For starters, this is ultimately based on what displays for me in WK Stats. Here is a screenshot:

While that level of accuracy would be awesome, there is z e r o % chance that I really am that accurate. I know that WK Stats is not WK, though, so I always just assumed there was an issue with my stats transferring. However, today, I went to my review page on the WK website for the first time in a while (more on that below), and it summarized my last review session as 1,000-some correct, and only 22 wrong. Now… I mean, no. Couldn’t be me.

Details of Usage:

-I use no userscripts on my own via a browser. (Not being a weird stickler, I just don’t understand how to use them and don’t care to figure it out).
-I do use Tsurukame app for iOS a lot. The app has userscripts built in.
-On Tsurukame, I will frequently manipulate the number of lessons displayed, and I use the app to reorganize my reviews (i.e. show me the ones from the current level first).
-I almost never use any other feature for “cheating,” such as “Ask Me Again Later.” For typos, like if I accidentally hit Enter when I’m still typing an answer and it gets marked wrong, I will use the feature. But that is not very common, and it simply causes the question to reappear in reviews. As far as I can tell, if you treat those typos like they never happened, my accuracy % is still correct. When I finish a session, it is 88-92% usually. Way lower on bad sessions. Occasionally higher if it’s just a batch of new words I remember from a few hours ago.

Is any of that commonly a trigger for messed up accuracy?
The reason I noticed it’s not limited to WK Stats is because reviews on Tsurukame are “saved up” and displayed on your Review Summary screen the next time you do reviews on the WK site. (Example: At 8 am, I do 20 reviews normally, on the WK site. I finish. It tells me I got 0 wrong, 20 right.

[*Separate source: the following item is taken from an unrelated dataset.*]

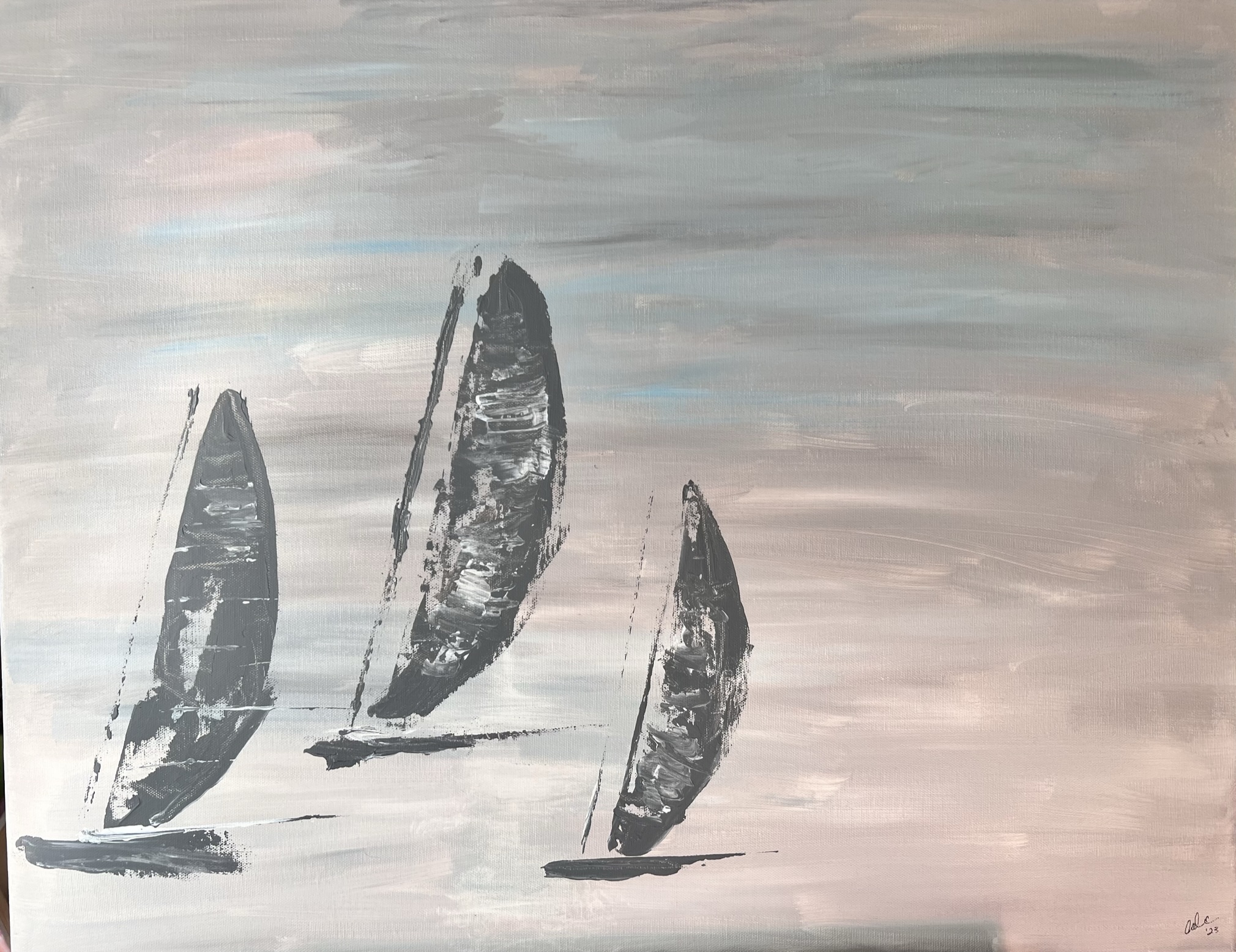 Ghost ships on a soft blue and grey background. 28x 22 Acrylic on Canvas Shipping is additional, based on zip code.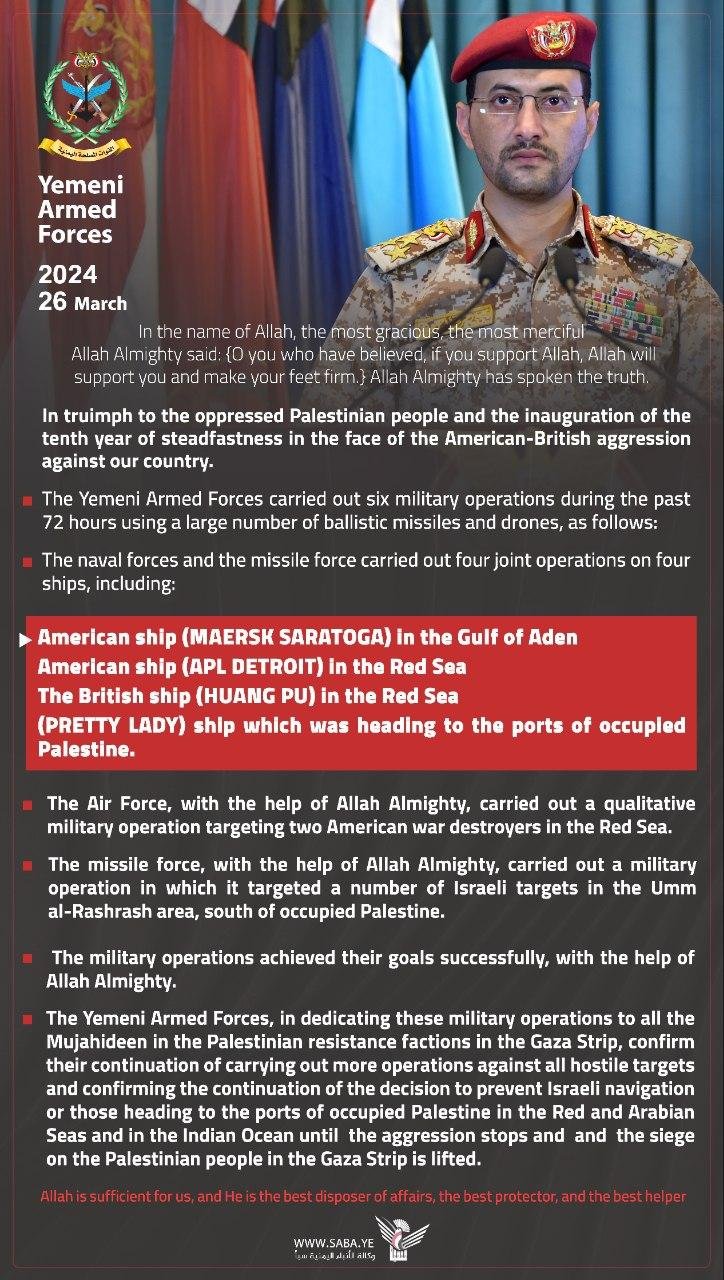 🇾🇪 We say to anyone who wants to stop our operations in the Red Sea, Arabian Sea, and the Indian Ocean, stop your aggression, lift your blockade, and end your occupation of our brothers in Palestine to end the problem. If you do that, what will happen? Is this an unfair concession to you? Is it a disaster for you? Is it a calamity for you?

After that, at 9 am, I use Tsurukame to do 20 reviews–5 wrong, 15 right. At 10 am, I use Tsurukame again for 20 reviews–0 wrong, 20 right. Later, I get back on the WK website and go to do some reviews. The Reviews Summary screen (where you go to click “Start Session”) tells me that my last session was 40 reviews–5 wrong, 35 right. Basically, it takes all the Tsurukame reviews I’ve done since the last time I used the website and shows me the combined total.)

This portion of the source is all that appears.